** INPUT MATERIAL follows **

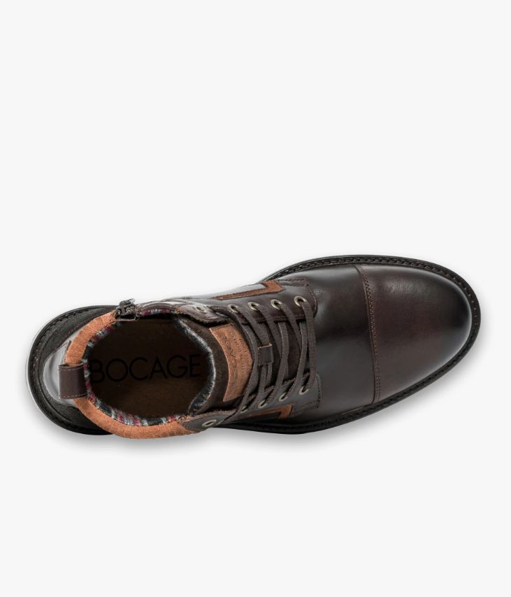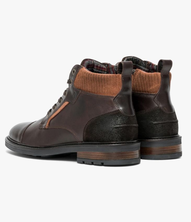 Un boots couleur café en cuir lisse fabriqué avec soin au Portugal. Il arbore un bout droit et un empiècement au talon en cuir velours à la finition brossée. Il est ponctué de touches cognac en cuir velours sur le col et les garants et en nubuck sur la languette. Un boots homme avec doublure chaude à motif tartan et semelle intérieure cuir moussée. Il s'ajuste à l'aide des lacets et se ferme facilement par zip intérieur. Il repose sur une semelle avec trépointe cuir piquée. Ce cuir pull-up est un cuir lisse à la couleur profonde obtenue par un tannage très particulier et des applications d'huiles et de cires en finition.
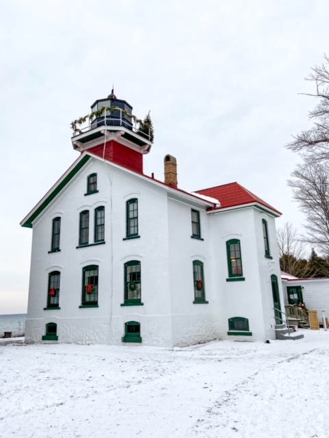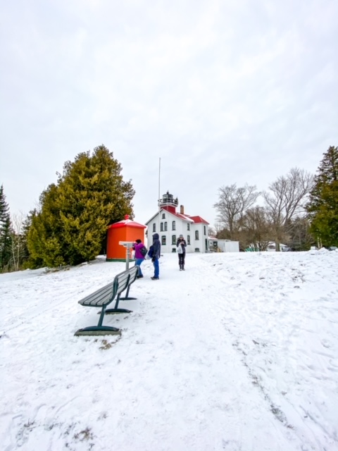 We started our adventure at Hop Lot Brewing – filling up on food and a beer from the comfort of a cozy igloo. After that we stopped by downtown Suttons Bay for coffee and window shopping. Then we headed to Omena to look out at the lake and then appreciate the historic Omena Presbyterian Church. After a quick pitstop in Northport, we drove to the tip of the peninsula to check out the Grand Traverse Lighthouse at the Leelanau State Park.
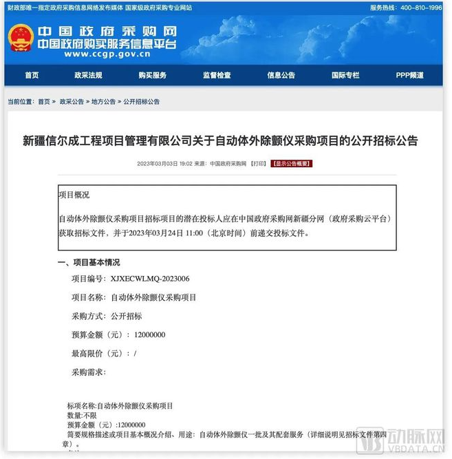 如新疆卫健委预算1200万的自动体外除颤器采购项目;成都市双流区卫生健康局发布了《2023年度公共场所配置自动体外除颤器(AED)采购项目公开招标采购公告》,预算490万采购200台AED;《汾阳市卫生健康和体育局采购公共场所急救设备自动体外除颤器设备项目的采购公告》,预算812.5万采购325台AED;而杭州市西湖区卫生健康局采购AED的预算更是高达1600万。
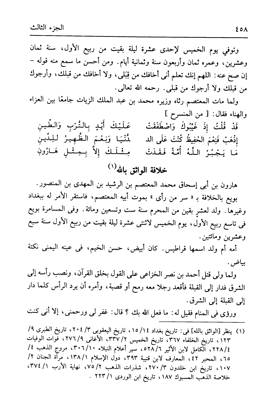هَارُون بن أبي إِسْحَاق مُحَمَّد المعتصم بن الرشيد بن الْمهْدي بن الْمَنْصُور بُويِعَ بالخلافة ب سر من رأى بِمَوْت أَبِيه المعتصم فاستقر الْأَمر لَهُ بِبَغْدَاد وَغَيرهَا ولد لعشرِ بَقينَ من الْمحرم سنة سِتّ وَتِسْعين وَمِائَة وَفِي المسامرة بُويِعَ فِي تَاسِع ربيع الأول يَوْم الْخَمِيس لِاثْنَتَيْ عشرَة لَيْلَة بقيت من ربيع الأول سنة سبع وَعشْرين وَمِائَتَيْنِ أمه أم ولد اسْمهَا قَرَاطِيس كَانَ أَبيض حسن الخيم فِي عينه الْيُمْنَى نُكْتَة بَيَاض وَلم ولي قتل أَحْمد بن نصر الْخُزَاعِيّ على القَوْل بِخلق الْقُرْآن وَنصب رَأسه الشرق فدار إِلَى الْقبْلَة فَأقْعدَ رجلا مَعَه رمح أَو قَصَبَة وَأمره أَن يرد الرَّأْس كلما دَار إِلَى الْقبْلَة إِلَى الشرق ورؤى فِي الْمَنَام فَقيل لَهُ مَا فعل الله بك قَالَ غفر لي ورحمني إِلَّا أَنِّي كنت
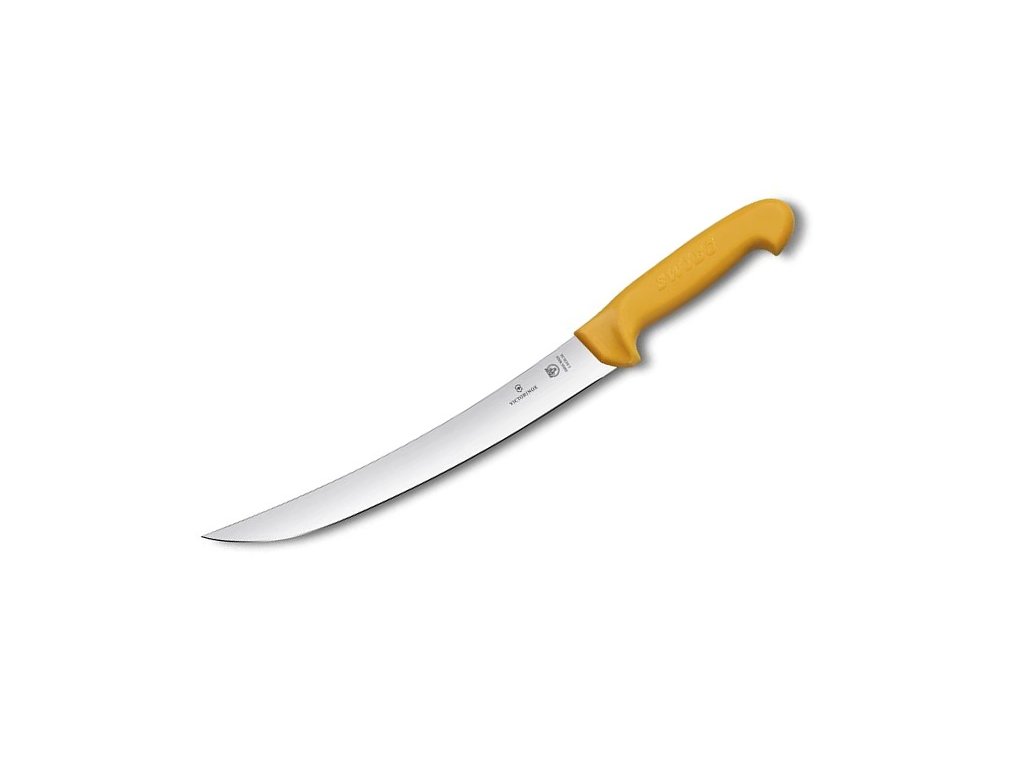 Nôž Victorinox 5.8435.26 Swibo s čepeľou dĺžky 26 cm z nerezovej ocele slúži na otvorenie tepny zvieraťa pri domácej porážke (zabíjačke) a následné vykrvavenie. Séria Swibo je ideálna aj do profesionálneho prostredia, kde je dôležitá ostrosť a vysoká odolnosť. Rukoväť nápadnej žltej farby je z polyamidu, ktorý je mimoriadne pevný, odolný voči nárazom a vysoko hygienický. Pre väčšiu bezpečnosť je rukoväť predĺžená smerom k čepeli, vďaka čomu je práca s nožom presnejšia a pod väčšou kontrolou.
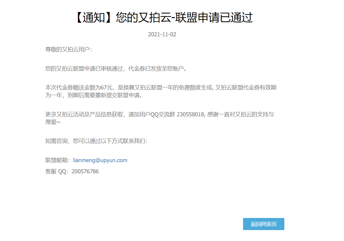 然后提交申请加入又拍云联盟即可,审核小姐姐真的很给力,基本上两个小时就给你通过申请了
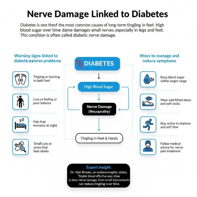 Dr. Alan Brooks, an endocrinologist, states, “Stable blood sugar is the most effective way to slow nerve damage. Even small improvements can reduce tingling over time.”
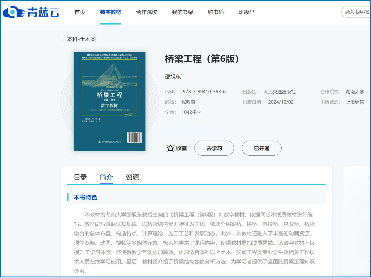 《桥梁工程(第6版)》数字教材,由人民交通出版社出版。该数字教材于2024年10月在“青蓝云”数字教材平台上线,是我国桥梁工程领域首部数字教材。第一会所
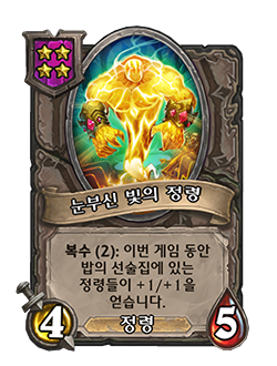 - [4단계, 정령] 복수 (2): 이번 게임 동안 밥의 선술집에 있는 정령들이 +1/+1을 얻습니다.

** End of INPUT MATERIAL **

> **ACTIVITY**
Without the pictures, write out every entry exactly as it appears.

> **WRITTEN ANSWER**
 Un boots couleur café en cuir lisse fabriqué avec soin au Portugal. Il arbore un bout droit et un empiècement au talon en cuir velours à la finition brossée. Il est ponctué de touches cognac en cuir velours sur le col et les garants et en nubuck sur la languette. Un boots homme avec doublure chaude à motif tartan et semelle intérieure cuir moussée. Il s'ajuste à l'aide des lacets et se ferme facilement par zip intérieur. Il repose sur une semelle avec trépointe cuir piquée. Ce cuir pull-up est un cuir lisse à la couleur profonde obtenue par un tannage très particulier et des applications d'huiles et de cires en finition.
 We started our adventure at Hop Lot Brewing – filling up on food and a beer from the comfort of a cozy igloo. After that we stopped by downtown Suttons Bay for coffee and window shopping. Then we headed to Omena to look out at the lake and then appreciate the historic Omena Presbyterian Church. After a quick pitstop in Northport, we drove to the tip of the peninsula to check out the Grand Traverse Lighthouse at the Leelanau State Park.
 如新疆卫健委预算1200万的自动体外除颤器采购项目;成都市双流区卫生健康局发布了《2023年度公共场所配置自动体外除颤器(AED)采购项目公开招标采购公告》,预算490万采购200台AED;《汾阳市卫生健康和体育局采购公共场所急救设备自动体外除颤器设备项目的采购公告》,预算812.5万采购325台AED;而杭州市西湖区卫生健康局采购AED的预算更是高达1600万。
هَارُون بن أبي إِسْحَاق مُحَمَّد المعتصم بن الرشيد بن الْمهْدي بن الْمَنْصُور بُويِعَ بالخلافة ب سر من رأى بِمَوْت أَبِيه المعتصم فاستقر الْأَمر لَهُ بِبَغْدَاد وَغَيرهَا ولد لعشرِ بَقينَ من الْمحرم سنة سِتّ وَتِسْعين وَمِائَة وَفِي المسامرة بُويِعَ فِي تَاسِع ربيع الأول يَوْم الْخَمِيس لِاثْنَتَيْ عشرَة لَيْلَة بقيت من ربيع الأول سنة سبع وَعشْرين وَمِائَتَيْنِ أمه أم ولد اسْمهَا قَرَاطِيس كَانَ أَبيض حسن الخيم فِي عينه الْيُمْنَى نُكْتَة بَيَاض وَلم ولي قتل أَحْمد بن نصر الْخُزَاعِيّ على القَوْل بِخلق الْقُرْآن وَنصب رَأسه الشرق فدار إِلَى الْقبْلَة فَأقْعدَ رجلا مَعَه رمح أَو قَصَبَة وَأمره أَن يرد الرَّأْس كلما دَار إِلَى الْقبْلَة إِلَى الشرق ورؤى فِي الْمَنَام فَقيل لَهُ مَا فعل الله بك قَالَ غفر لي ورحمني إِلَّا أَنِّي كنت
 Nôž Victorinox 5.8435.26 Swibo s čepeľou dĺžky 26 cm z nerezovej ocele slúži na otvorenie tepny zvieraťa pri domácej porážke (zabíjačke) a následné vykrvavenie. Séria Swibo je ideálna aj do profesionálneho prostredia, kde je dôležitá ostrosť a vysoká odolnosť. Rukoväť nápadnej žltej farby je z polyamidu, ktorý je mimoriadne pevný, odolný voči nárazom a vysoko hygienický. Pre väčšiu bezpečnosť je rukoväť predĺžená smerom k čepeli, vďaka čomu je práca s nožom presnejšia a pod väčšou kontrolou.
 然后提交申请加入又拍云联盟即可,审核小姐姐真的很给力,基本上两个小时就给你通过申请了
 Dr. Alan Brooks, an endocrinologist, states, “Stable blood sugar is the most effective way to slow nerve damage. Even small improvements can reduce tingling over time.”
 《桥梁工程(第6版)》数字教材,由人民交通出版社出版。该数字教材于2024年10月在“青蓝云”数字教材平台上线,是我国桥梁工程领域首部数字教材。第一会所
 - [4단계, 정령] 복수 (2): 이번 게임 동안 밥의 선술집에 있는 정령들이 +1/+1을 얻습니다.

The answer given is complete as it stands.